- _Problem requirements_
Look below for the line that contains "Mot de passe d'authentification", then copy it and each following line to the end of the records, minus any pictures.

(Items listed in a dataset)
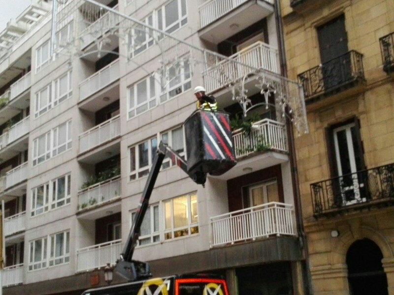 Operarios de Iluminaciones Ximenez han comenzado ya a instalar las luces navideñas y han trabajado el miércoles en la calle
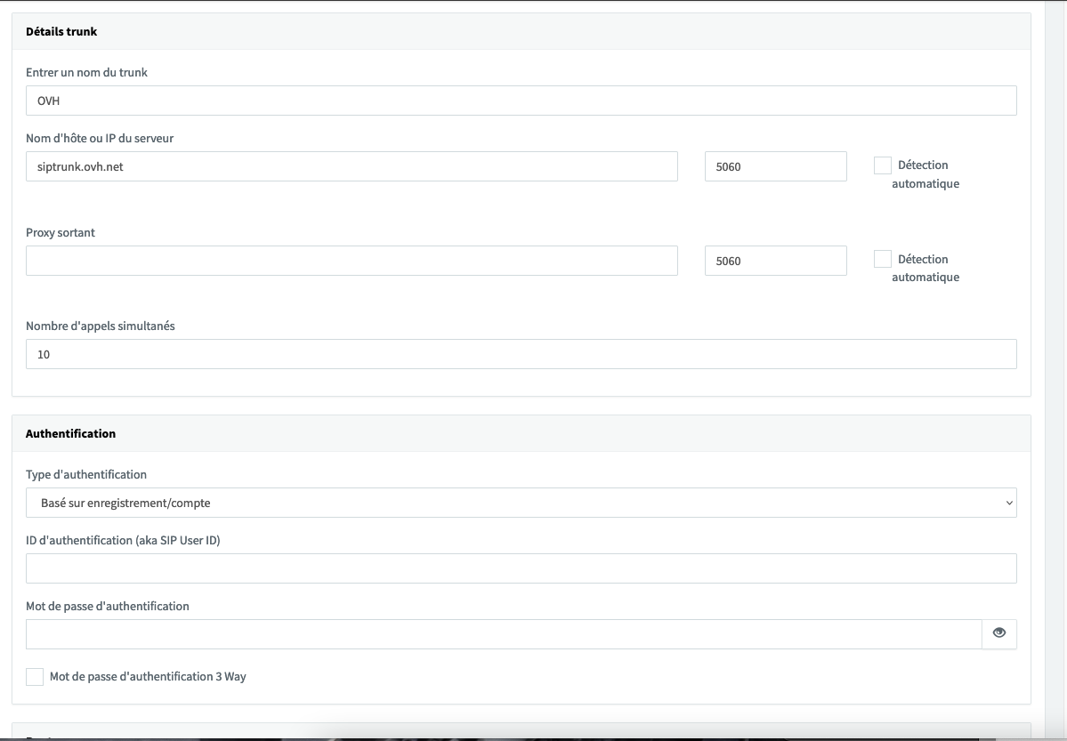 Mot de passe d'authentification : Renseignez le mot de passe SIP de votre trunk.
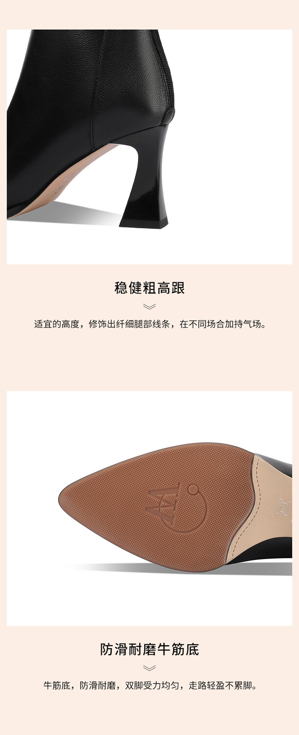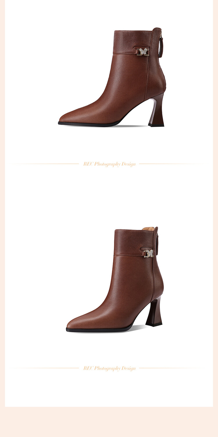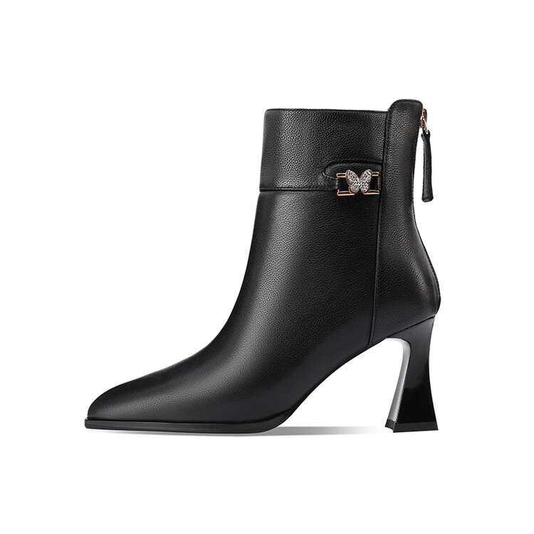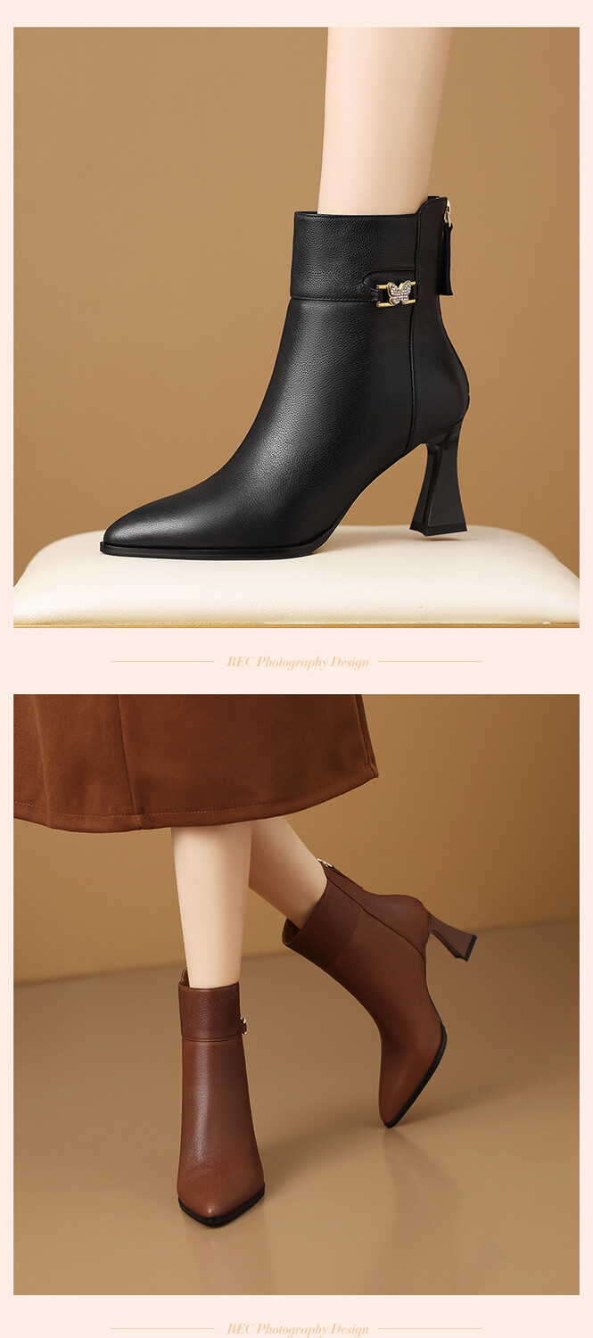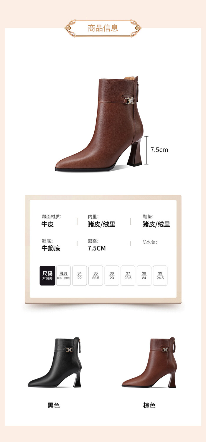 【预售5天】优雅气质时装靴秋冬季新款尖头粗跟高跟女靴金属扣短靴女HY&H3534
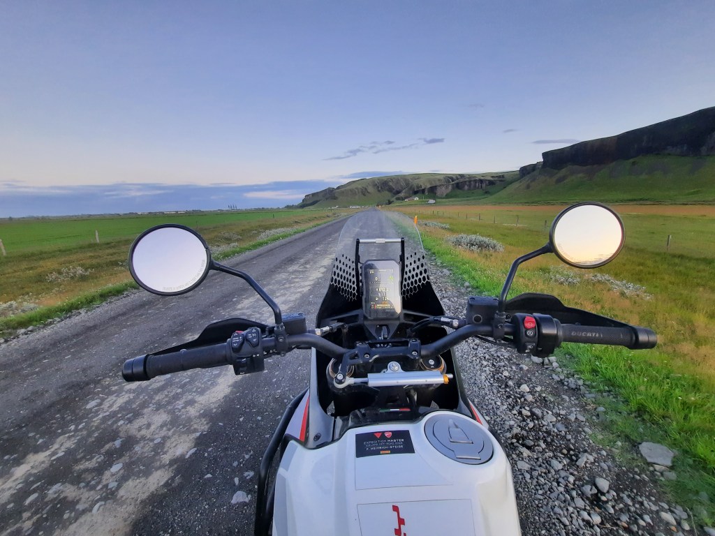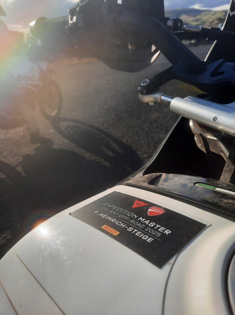 Als ich dann zwei Tage später auf Platz 28D der Boeing saß, konnte ich das alles nicht wirklich verdauen. Freute mich sehr auf daheim und war gleichzeitig traurig, nicht noch mehr Fahrtage mit neu gewonnenen Fahrfreunden genießen zu können. In den kommenden Nächten träumte ich immer irgendetwas von Island, den Pisten durch diese Mondlandschaften oder den von Touristen umströmten Hotspots wie den Wasserfällen, die uns gerade getrockneten Motorradfahrer wieder nass machten. Noch nie dauerte es so lange, bis ich Zuhause angekommen war. Und noch nie war ich so stolz auf eine Urkunde, die man ja bei so gut wie jedem Motorrad-Training und -Event mitbekommt. Ich dachte davor, dass „Expedition Master“ ein cooler Name für diese Tour war, aber auch etwas dick aufgetragen. Es war schließlich eine geführte und begleitete Tour. Aber mit jedem abgeschlossenen Tag hatte ich das Gefühl, mir diesen Titel auch zunehmend selbst zu verdienen, der da auf dem Tank meiner Leih-Ducati klebte. Das ist sicher im Sinne des Erfinders. Oder auch nicht. Oder etwas pathetisch. Und jeder, der sowas vor 30 Jahren mit dem eigenen Motorrad unternommen hat und allein schon die drei Tage Anreise auf der Fähre überstanden hat, hätte den Titel wohl mehr verdient als ich Pauschal-Motorradtourist. Aber das ist mir ausnahmsweise mal egal – denn gefahren bin immer noch ich. Und am Ende dieser Woche hatte ich das Gefühl, nicht nur diese „Expedition“ gemeistert zu haben, sondern auch meine Ängste, Bedenken und falsche Bescheidenheit. Und das ist ein Gefühl, von dem ich mindestens genauso zehren werde, wie von der Schönheit dieser Insel.
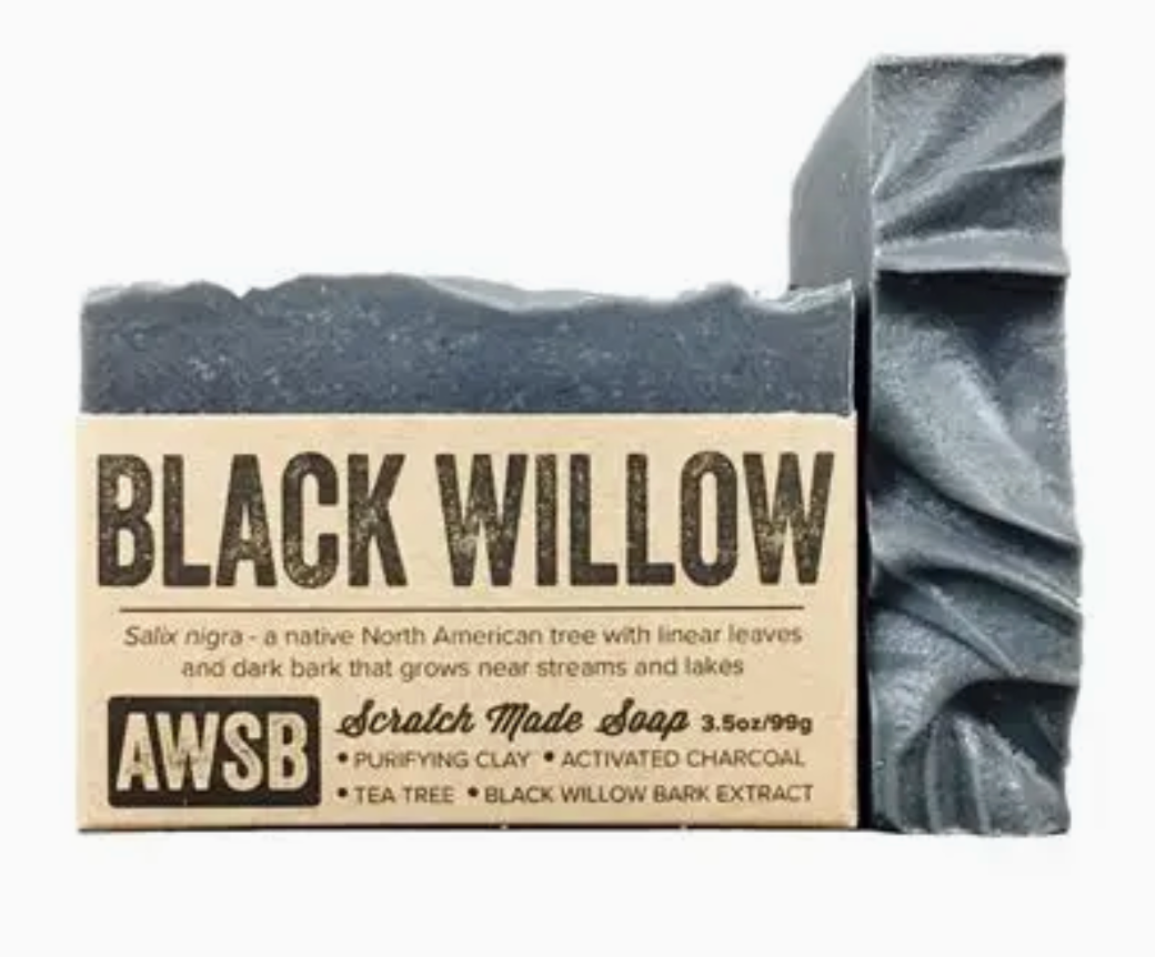 Kiembreek teeboom/bloekom essensiële olie versnit met suiwerende houtskool en swart wilger uittreksel vir aknee en velprobleme. 3,5 ons. bar seep, in doos.

- _Response area_
 Mot de passe d'authentification : Renseignez le mot de passe SIP de votre trunk.
 【预售5天】优雅气质时装靴秋冬季新款尖头粗跟高跟女靴金属扣短靴女HY&H3534
 Als ich dann zwei Tage später auf Platz 28D der Boeing saß, konnte ich das alles nicht wirklich verdauen. Freute mich sehr auf daheim und war gleichzeitig traurig, nicht noch mehr Fahrtage mit neu gewonnenen Fahrfreunden genießen zu können. In den kommenden Nächten träumte ich immer irgendetwas von Island, den Pisten durch diese Mondlandschaften oder den von Touristen umströmten Hotspots wie den Wasserfällen, die uns gerade getrockneten Motorradfahrer wieder nass machten. Noch nie dauerte es so lange, bis ich Zuhause angekommen war. Und noch nie war ich so stolz auf eine Urkunde, die man ja bei so gut wie jedem Motorrad-Training und -Event mitbekommt. Ich dachte davor, dass „Expedition Master“ ein cooler Name für diese Tour war, aber auch etwas dick aufgetragen. Es war schließlich eine geführte und begleitete Tour. Aber mit jedem abgeschlossenen Tag hatte ich das Gefühl, mir diesen Titel auch zunehmend selbst zu verdienen, der da auf dem Tank meiner Leih-Ducati klebte. Das ist sicher im Sinne des Erfinders. Oder auch nicht. Oder etwas pathetisch. Und jeder, der sowas vor 30 Jahren mit dem eigenen Motorrad unternommen hat und allein schon die drei Tage Anreise auf der Fähre überstanden hat, hätte den Titel wohl mehr verdient als ich Pauschal-Motorradtourist. Aber das ist mir ausnahmsweise mal egal – denn gefahren bin immer noch ich. Und am Ende dieser Woche hatte ich das Gefühl, nicht nur diese „Expedition“ gemeistert zu haben, sondern auch meine Ängste, Bedenken und falsche Bescheidenheit. Und das ist ein Gefühl, von dem ich mindestens genauso zehren werde, wie von der Schönheit dieser Insel.
 Kiembreek teeboom/bloekom essensiële olie versnit met suiwerende houtskool en swart wilger uittreksel vir aknee en velprobleme. 3,5 ons. bar seep, in doos.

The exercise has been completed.